What you return must match, exactly, the lines running from the one containing "여름 산야 해변 휴가를위한" to the end of the data, both included, and must contain no pictures.

- _Input data_:
-----

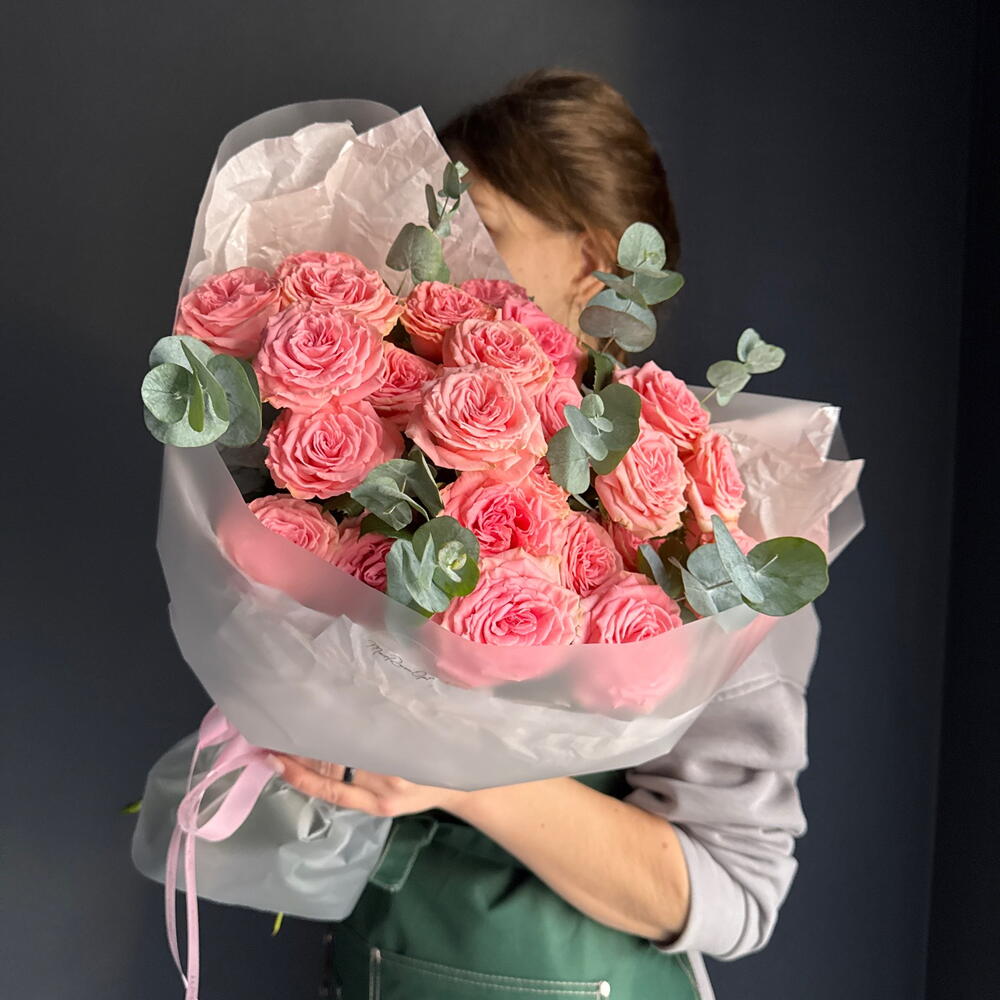 Нежный и элегантный букет из розовых кустовых роз с веточками эвкалипта — воплощение природной гармонии и утончённой красоты. Контраст бархатистых соцветий и серебристо‑зелёной листвы создаёт свежий, стильный образ, который подойдёт для любого повода.
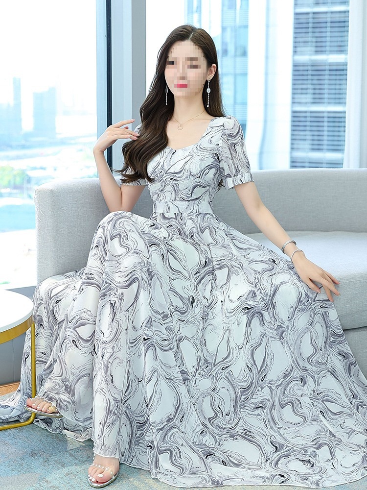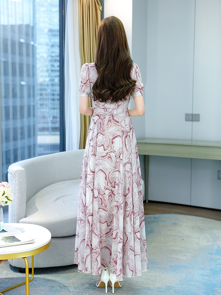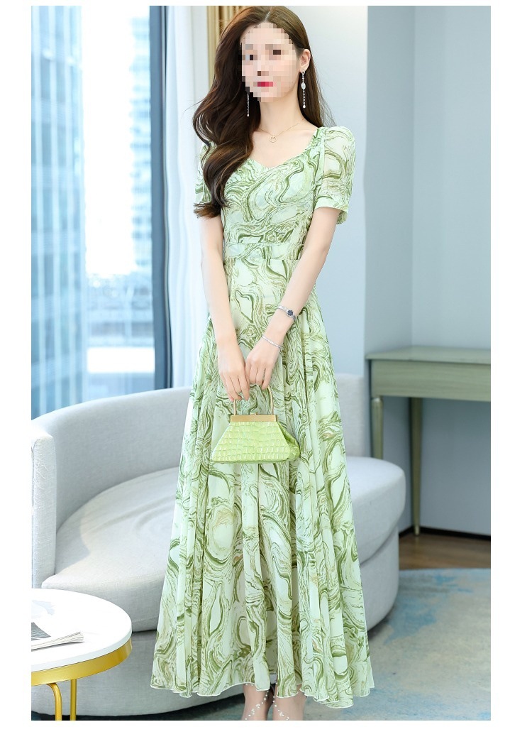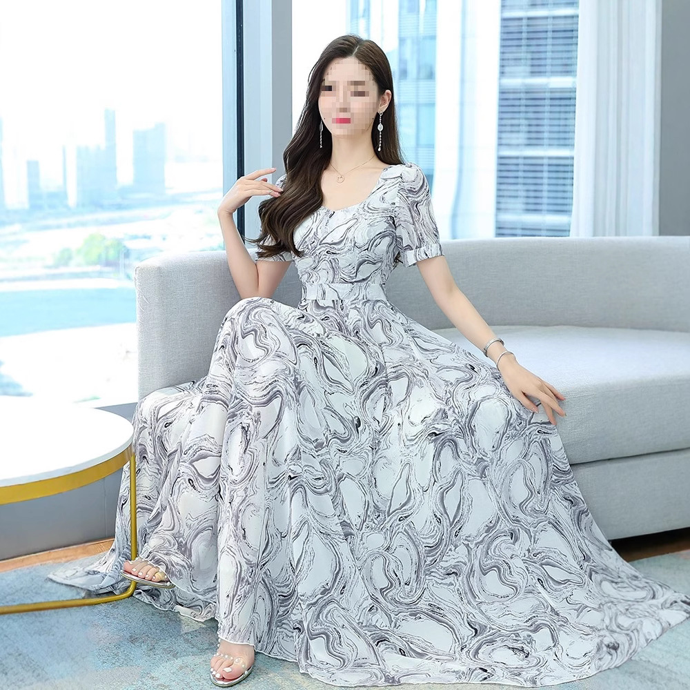 여름 산야 해변 휴가를위한 대외 무역 새 드레스 뚱뚱한 기질 꽃무늬 해변 드레스 기질 여성 긴 드레스
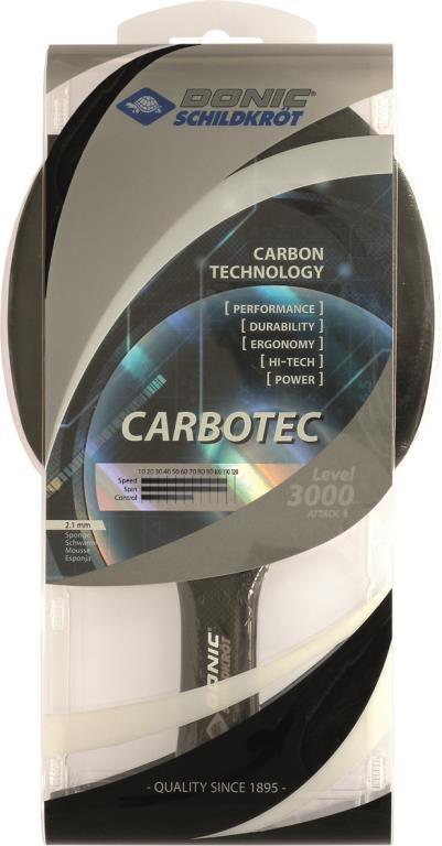Schildkrot Carbotec 3000 is a competition quality bat. Carbotec 3000 features, Patented 75% pressure moulded hi modulus Carbon blade, 2.1mm competition sponge and Energy rubbers. The pressure moulded carbon Blade provides perfect ergonomics and balance.

-----

- _Task solution_:
 여름 산야 해변 휴가를위한 대외 무역 새 드레스 뚱뚱한 기질 꽃무늬 해변 드레스 기질 여성 긴 드레스
Schildkrot Carbotec 3000 is a competition quality bat. Carbotec 3000 features, Patented 75% pressure moulded hi modulus Carbon blade, 2.1mm competition sponge and Energy rubbers. The pressure moulded carbon Blade provides perfect ergonomics and balance.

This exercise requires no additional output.